## RECORDED DATA
▽
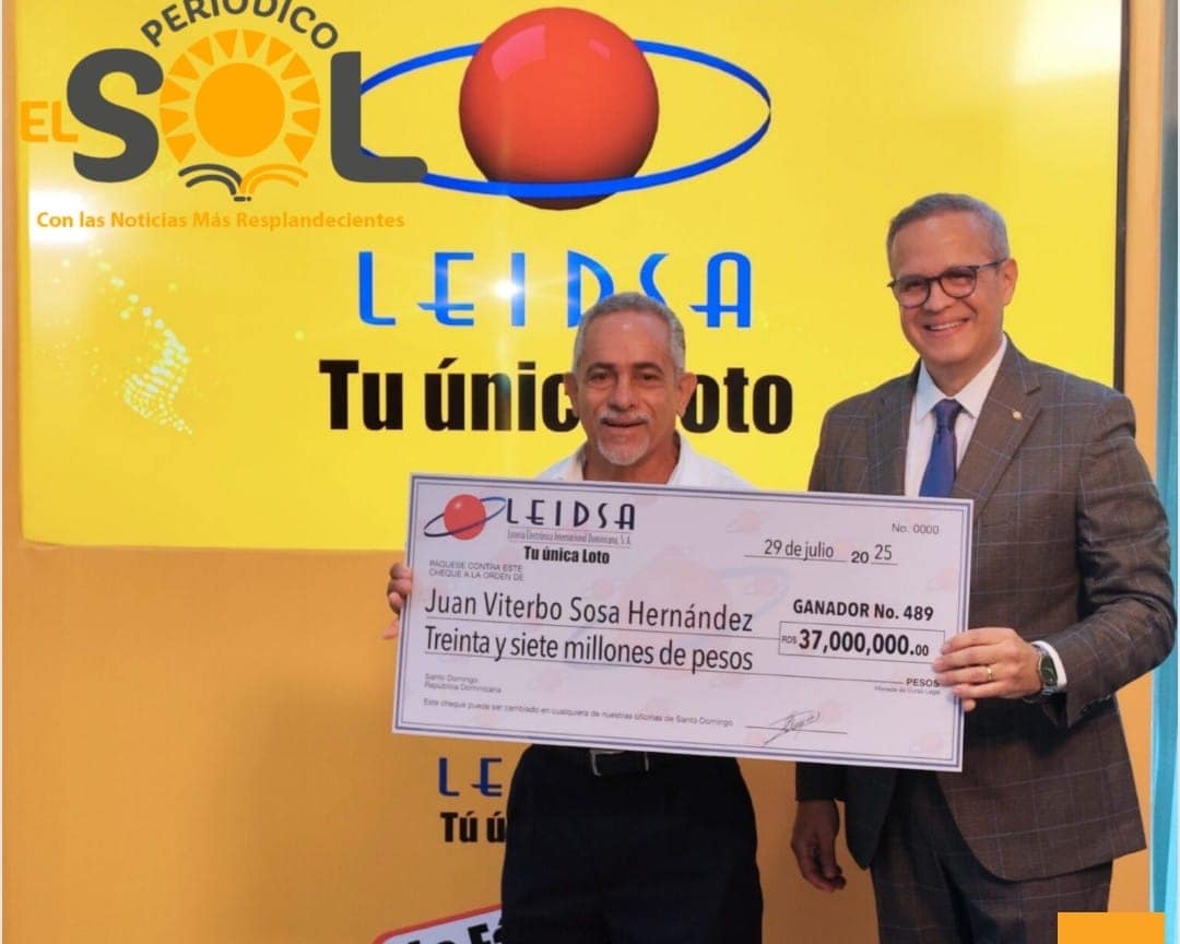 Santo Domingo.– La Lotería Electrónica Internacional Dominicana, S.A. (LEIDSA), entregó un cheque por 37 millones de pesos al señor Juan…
△
▽
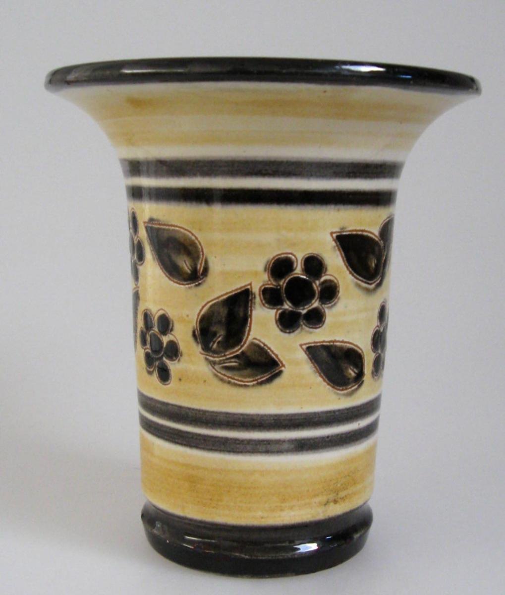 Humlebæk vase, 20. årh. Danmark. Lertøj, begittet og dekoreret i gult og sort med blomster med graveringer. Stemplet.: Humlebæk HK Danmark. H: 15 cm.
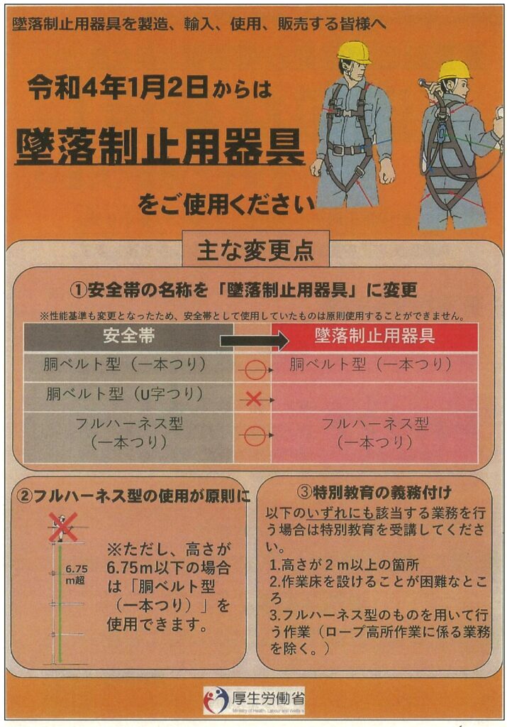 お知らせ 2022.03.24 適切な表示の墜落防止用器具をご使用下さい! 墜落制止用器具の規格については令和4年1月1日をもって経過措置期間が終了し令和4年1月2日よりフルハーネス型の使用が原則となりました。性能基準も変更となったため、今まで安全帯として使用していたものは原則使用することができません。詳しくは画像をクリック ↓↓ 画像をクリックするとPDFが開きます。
△
## YOUR GOAL
In the entries above, which lines run from the one with "Humlebæk vase, 20." up to and including the one with "お知らせ 2022.03.24 適切な表示の墜落防止用器具をご使用下さい!"? Write them out exactly, without the pictures.

## SOLVED EXERCISE
 Humlebæk vase, 20. årh. Danmark. Lertøj, begittet og dekoreret i gult og sort med blomster med graveringer. Stemplet.: Humlebæk HK Danmark. H: 15 cm.
 お知らせ 2022.03.24 適切な表示の墜落防止用器具をご使用下さい! 墜落制止用器具の規格については令和4年1月1日をもって経過措置期間が終了し令和4年1月2日よりフルハーネス型の使用が原則となりました。性能基準も変更となったため、今まで安全帯として使用していたものは原則使用することができません。詳しくは画像をクリック ↓↓ 画像をクリックするとPDFが開きます。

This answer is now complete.